Say I have a range from 1 to 999999999. Given a list of numbers like this:假设我有一个从 1 到 999999999 的范围。给定一个这样的数字列表:
[9, 44, 99]
It would return它会回来
[(1,9), (10,44), (45,99), (100, 999999999)]
If the number which are the limits are included in the input numbers, it should handle that also.如果作为限制的数字包含在输入数字中,它也应该处理。 Say input is说输入是
[1, 9, 44, 999999999]
The return should be:回报应该是:
[(1,9), (10,44), (45, 999999999)]
I could write a for loop comparing with a few conditional statement but wondering if there is a more 'smart way'.我可以写一个 for 循环与一些条件语句进行比较,但想知道是否有更“聪明的方法”。
Some data massage that might be helpful:一些可能有用的数据按摩:
points = [1, 9, 44, 99]
points = sorted(list(set(points + [1, 999999999])))
UPDATED INFO: FINAL CREDITS GIVEN TO alecxe, thanks for your inspiring list comprehension solution更新信息:给 alecxe 的最终信用,感谢您鼓舞人心的列表理解解决方案
l = sorted(list(set(points + [1, 999999999])))

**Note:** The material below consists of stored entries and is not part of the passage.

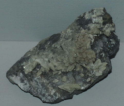This sample of collinsite is displayed in the Smithsonian Museum of Natural History. Collinsite is a phosphate mineral with the composition Ca2(Mg,Fe)(PO4)2.2H2O. The sample at left is about 9 cm across and is from Rapid Creek, Yukon Territory, Canada. The sample is described as collinsite with gorceixite.
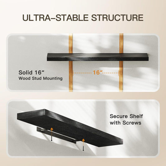 AMADA HOMEFURNISHING Floating Shelves for Wall, Wall Shelves for Living Room, Bedroom, Bathroom, Kitchen & Home Office Organization, Bathroom Shelves with Hidden Brackets, 22 lbs Max Load, AMFS44B
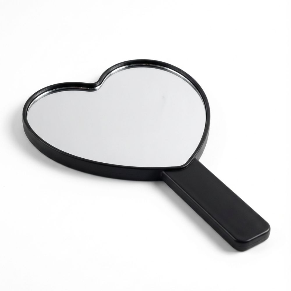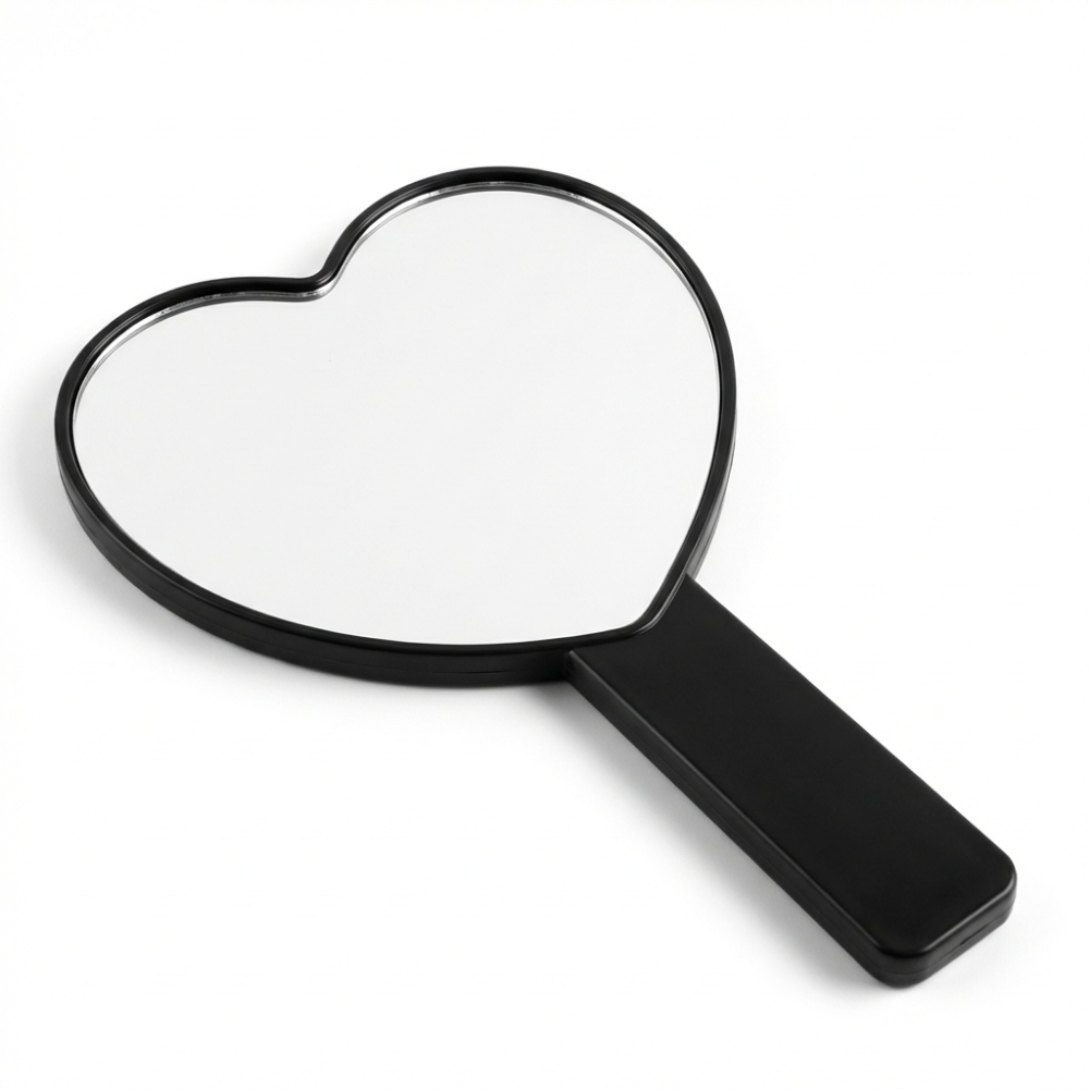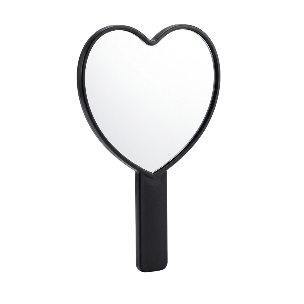 Espelho de Mão Maquiagem Coração Preto | Prático e Elegante
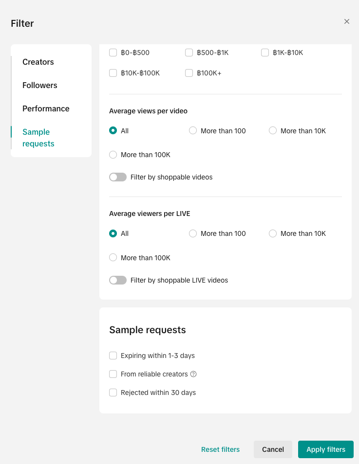 在表现选项下,您可以根据达人的创收情况、视频观看量和每场直播观看人数进行筛选:
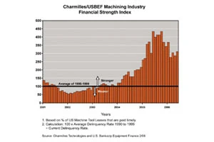 The October 30-day delinquency rate on machine tool leases was about 2%, which is lower than the 2.3% delinquency rate on home mortgages. The Agie Charmilles/USBEF Machining Industry Financial Strength Index was 294 vs. 345 in September 2006, 435 in October 2005, and 55 in January 2002. The January 2002 reading was the lowest reading on record. Any reading above 100 indicates that US Bancorp Equipment Finance's (USBEF's) machine tool lease payment delinquencies are at a rate below the average rate of 1990 to 1999. As profitability rises, liquidity rises, delinquencies fall and the index rises. Historical data is available at the Charmilles URL: www.charmilleus.com/newsroom/bizindes.cfm.
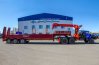 На заднем свесе полуприцепа установлены откидные опоры, предназначенные для достижение максимальной устойчивости при заходе/сходе на грузовую платформу тяжелой самоходной техники.
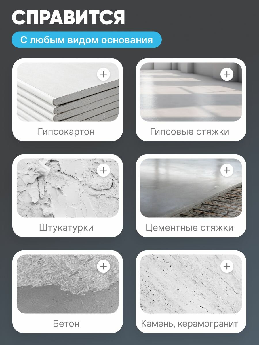 Защита бетонных, цементных и гипсовых поверхностей от влаги перед укладкой плитки. Обеспечивает долговечность отделки и предотвращает появление плесени и грибка.
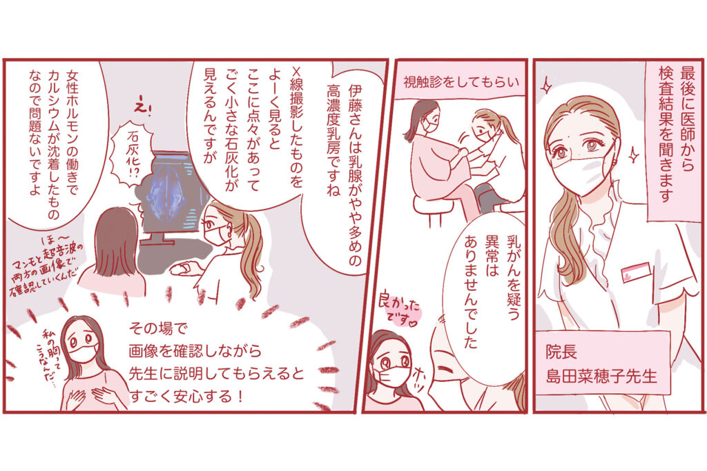この企画を通して、乳がんはいかに早期発見が重要なのかを理解しました。検査結果を聞いた瞬間は、心から安堵…。自分はもちろん家族のためにも、これからは年1回のチェックを怠りません!

[(l[i] + int(i != 0), l[i + 1]) for i in xrange(len(l) - 1)]
You can put all that in one line but I think that is unnessary.您可以将所有内容放在一行中,但我认为这是不合时宜的。
Example例子
[1,2,3,4,5,6,7,8,9,10] ---> [A,A,B,B,C,C,D,D,E,E]
R:回复:
x <- seq(1,10,1)
cut(x, breaks = seq(0,10,2), labels = c('A','B','C','D','E'))
Python: Python:
import pandas
x = range(1, 11, 1)
pandas.cut(x, bins=range(0, 12, 2), labels=['A','B','C','D','E'])
def myCut(low, high, points):
answer = []
curr = low
for point in points:
answer.append((curr, point))
curr = point + 1
answer.append((curr, high))
return answer
>>> low = 1
>>> high = 999999999
>>> points = [9, 44, 109]
>>> myCut(low, high, points)
[(1, 9), (10, 44), (45, 109), (110, 999999999)]

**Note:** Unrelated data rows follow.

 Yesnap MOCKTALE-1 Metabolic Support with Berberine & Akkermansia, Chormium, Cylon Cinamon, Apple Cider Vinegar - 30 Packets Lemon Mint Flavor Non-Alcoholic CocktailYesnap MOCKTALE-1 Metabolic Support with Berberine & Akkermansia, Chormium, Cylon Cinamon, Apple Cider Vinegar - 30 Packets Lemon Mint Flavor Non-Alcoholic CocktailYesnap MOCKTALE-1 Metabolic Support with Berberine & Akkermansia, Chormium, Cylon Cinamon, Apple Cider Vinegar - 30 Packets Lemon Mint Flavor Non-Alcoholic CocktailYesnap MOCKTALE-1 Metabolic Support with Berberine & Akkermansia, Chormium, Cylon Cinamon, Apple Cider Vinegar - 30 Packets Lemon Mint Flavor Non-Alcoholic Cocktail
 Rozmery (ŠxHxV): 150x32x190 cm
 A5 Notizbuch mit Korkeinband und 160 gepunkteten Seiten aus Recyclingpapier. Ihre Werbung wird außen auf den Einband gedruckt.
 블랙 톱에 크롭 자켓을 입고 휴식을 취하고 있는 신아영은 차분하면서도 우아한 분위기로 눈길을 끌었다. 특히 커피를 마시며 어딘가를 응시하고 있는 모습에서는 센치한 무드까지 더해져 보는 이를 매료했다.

Inspired by this answer and the discussions that followed, here's a solution in fewer lines, with itertools
.受到这个答案和随后的讨论的启发,这里有一个更少行的解决方案,带有itertools
。 This uses itertools.chain
and itertools.izip
(in python2.7; zip
in python3.x) to reduce the time and space complexities arising from adding lists, sorting and setifying.这使用itertools.chain
和itertools.izip
(在 python2.7 中;在 python3.x 中为zip
)来减少添加列表、排序和设置所带来的时间和空间复杂性。 Note that the solution assumes that the input list is already sorted, failing which, erroneous results will be produced请注意,该解决方案假定输入列表已经排序,否则将产生错误的结果
cuts = [(i+1, j) for i,j in itertools.izip(itertools.chain([0], myList), itertools.chain(myList, [999999999]))]
>>> import itertools
>>> myList = [9, 44, 99]
>>> [(i+1, j) for i,j in itertools.izip(itertools.chain([0], myList), itertools.
chain(myList, [999999999]))]
[(1, 9), (10, 44), (45, 99), (100, 999999999)]

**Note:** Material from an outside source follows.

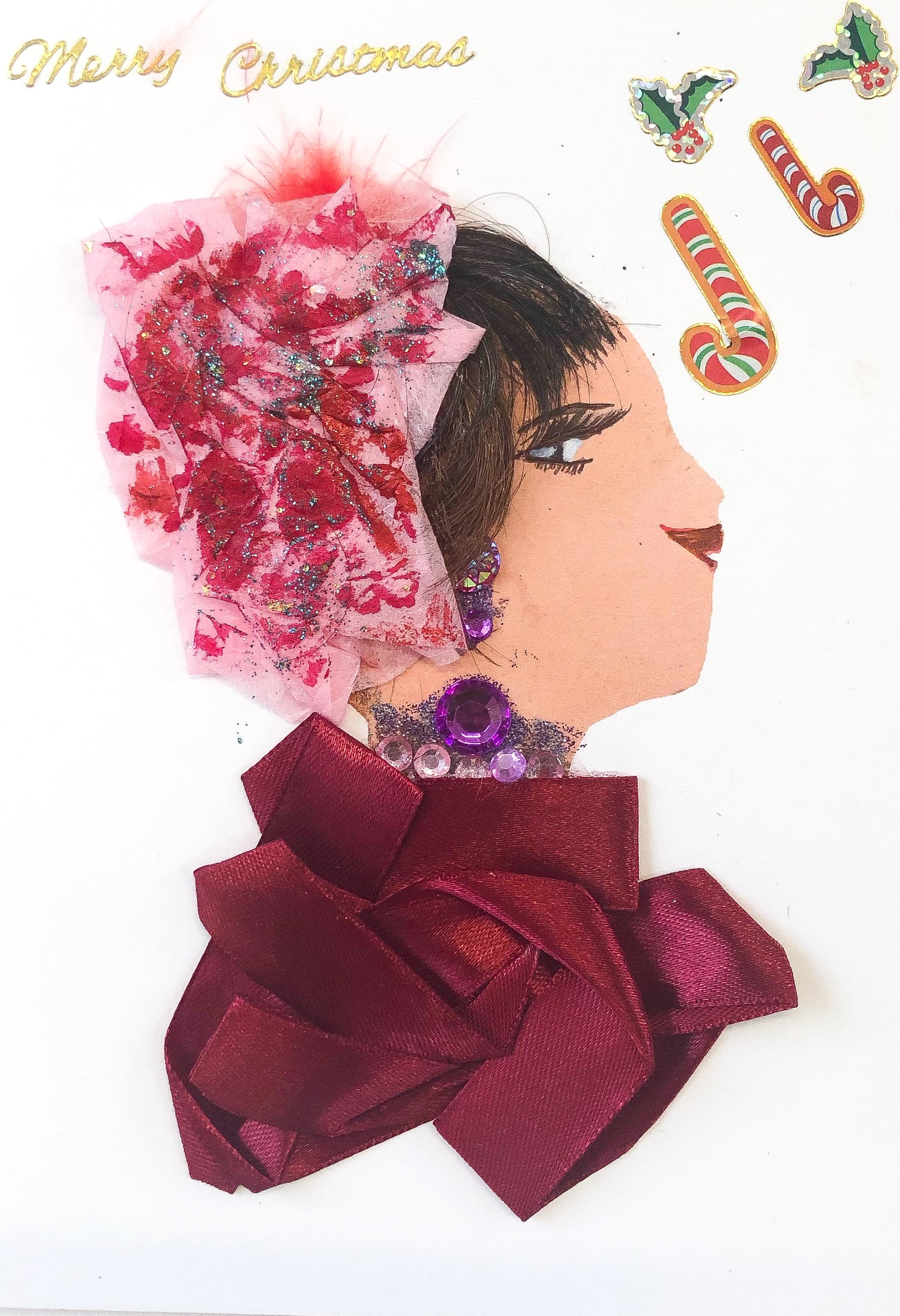 Sparkle Tree is a sweet lady with a smirk on her face. She is in a maroon top complimented with a purple necklace. In her hair, she has a beautiful headpiece with pinks and reds. The card says "Merry Christmas" with some candy canes and holly leaves at the top.

Not sure this approach is the best one:不确定这种方法是最好的方法:
>>> l = [1, 9, 44, 999999999]
>>> [(l[i] + int(i != 0), l[i + 1]) for i in xrange(len(l) - 1)]
[(1, 9), (10, 44), (45, 999999999)]
If you are on python 3, replace xrange
with range
.如果您使用的是 python 3,请将xrange
替换为range
。
Note, that for your first example to work, you'll need to prepend and append your boundaries:请注意,要使您的第一个示例正常工作,您需要预先添加并附加您的边界:
>>> l = [9, 44, 109]
>>> low, high = 1, 999999999
>>> l = [low] + l + [high]
>>> [(l[i] + int(i != 0), l[i + 1]) for i in xrange(len(l) - 1)]
[(1, 9), (10, 44), (45, 109), (110, 999999999)]
Comparing the code from the answers with timeit, it looks like inspectorG4dget's solution performs way better (especially with Python 3) even though I left out the addition of the low and high value in the list comprehension solution:将答案中的代码与 timeit 进行比较,看起来 inspectorG4dget 的解决方案执行得更好(尤其是使用 Python 3),即使我在列表理解解决方案中省略了低值和高值的添加:
ls = [9, 44, 109, 200, 567, 894, 6879, 29823]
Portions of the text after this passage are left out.